Mike Locksley makes history at the University of Maryland. (Photo credit: umterps.com)
Mike Locksley is a Maryland guy.
Locksley, the interim head football coach at the University of Maryland, is from Washington, D.C., played his college football at Towson State, and has worked for the last three head coaches in College Park. So when athletic director Kevin Anderson needed a strong leader to steward a sinking ship for the remainder of the season Locksley was the unquestionable choice. Randy Edsall, theformer head coach, was let go on Oct. 11 after starting the season 2-4.
“There are very few things I don’t know about the University of Maryland athletics/football program,” Locksley said in an interview with the AFRO. “I beat Ohio State at the horseshoe. I beat Michigan at the big house, and I’ve won at Michigan State.
For the past 12 years Locksley has made himself a fixture in Maryland football circles by heavily recruiting from the area for major college programs around the country. He lured players such as Aurellious Benn (of the Tampa Bay Buccaneers) and Vontae Davis (of the Indianapolis Colts) to the University of Illinois. They were major components in the Illini’s Big 10 championship and Rose Bowl appearance in 2008. His previous success in the conference gives him the confidence to believe he can lead the Maryland Terrapins to wins in four of their final six games. Should he accomplish that then the team will be eligible for the post season.

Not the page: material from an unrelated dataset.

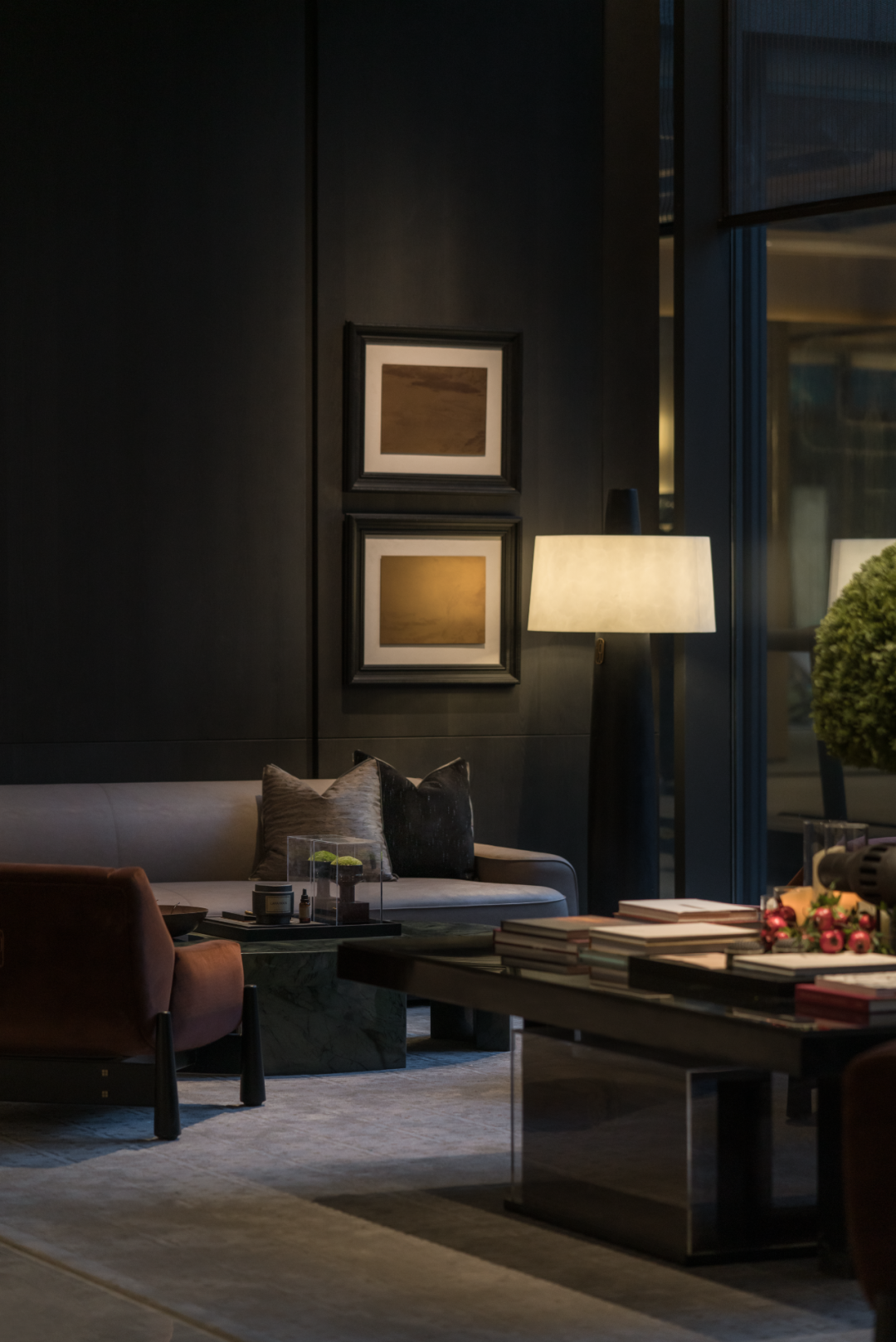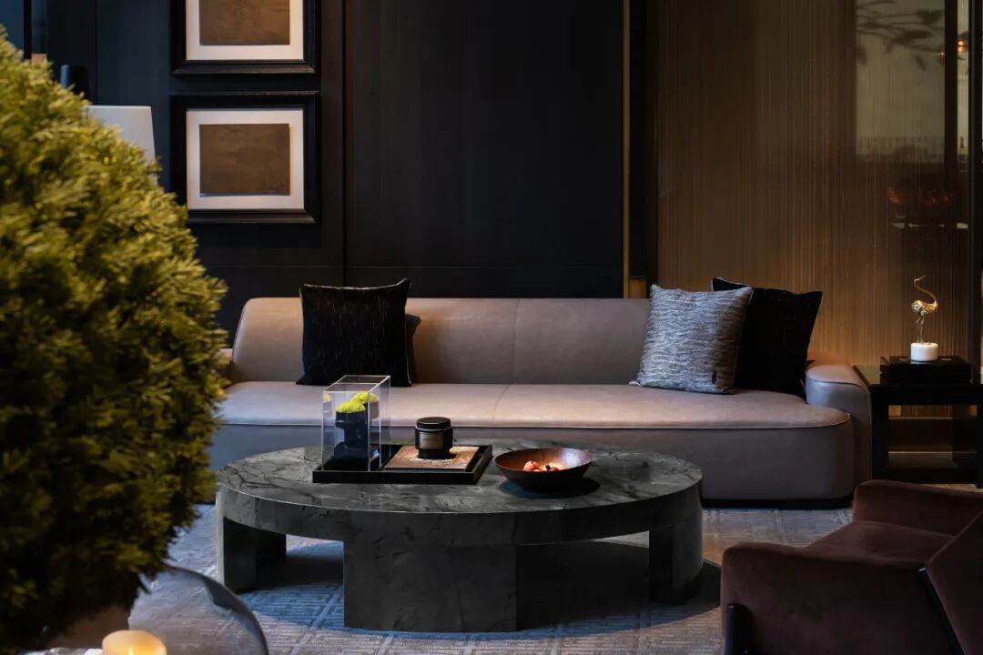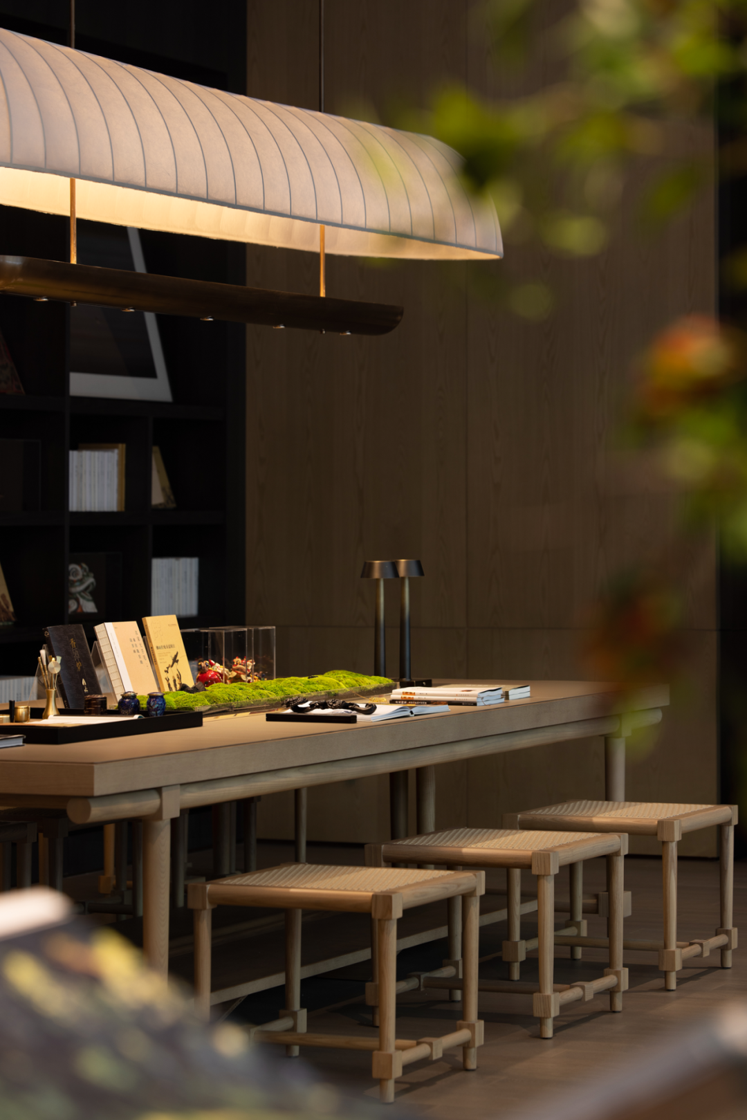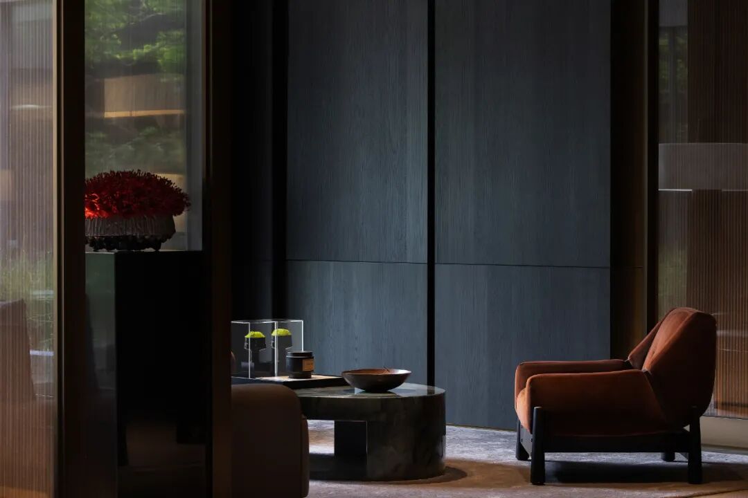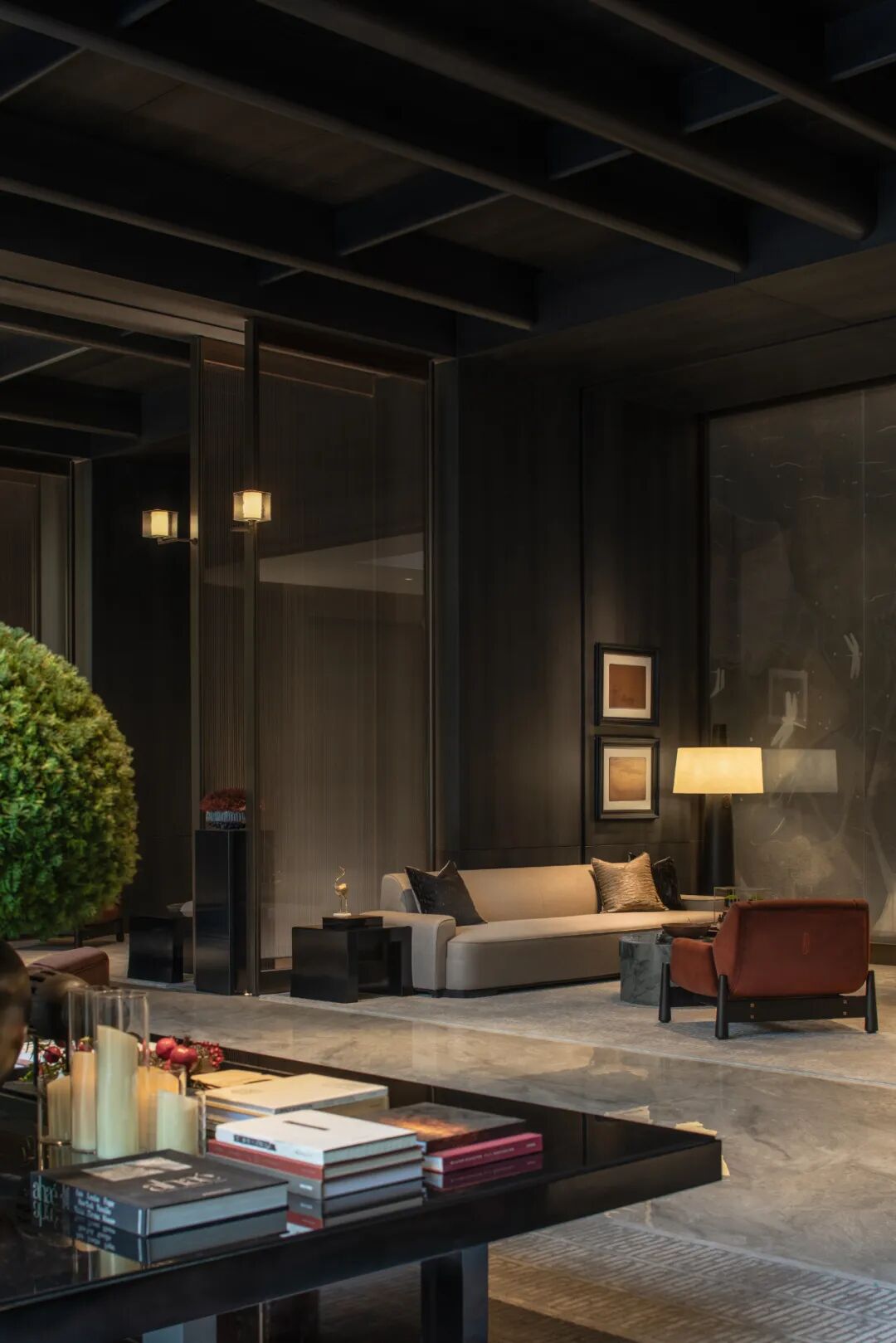 重心下移,人们的视线由此从庞大的空间秩序中游离出来,重新聚焦于身边之物的细部。布艺织品密实的触感,黄铜复古的质地,皮质扶手细腻的光泽,皆以一种流畅的美学语言,将空间视觉形象中的低调品味、矜贵内涵一以贯之。

“We still have the ability to reach the goals that we set at the start of the season,” said Locksley. “For what have been through we want to make the rest of the season as fun as possible. We want to play the game in its purest form. There’s no pressure on us because when there is a coaching change everybody else’s expectations tend to drop. We can leave caution to the wind and do whatever it takes to win games.”
As Locksley prepares the Terps for the Oct. 24 game against Penn State at M&T Bank Stadium the irony can’t be overlooked. When he looks across the field and sees James Franklin he will see the man who was slated to precede him as Maryland’s first Black head coach. Anderson didn’t follow the secession plan set forth by Randy Edsall’s predecessor, Ralph Friedgen, so the history associated with this opportunity falls to Locksley. However, the whirlwind of the past two weeks hasn’t given him time to pause and embrace the historical significance.
“Those are the things that aren’t important to the game itself. That’s what the fans and media tend to look at,” said Locksley. “We can’t worry about the past record against Penn State or the rivalry we’re trying to create or the things that involved why James was to replace Ralph Friedgen or not.”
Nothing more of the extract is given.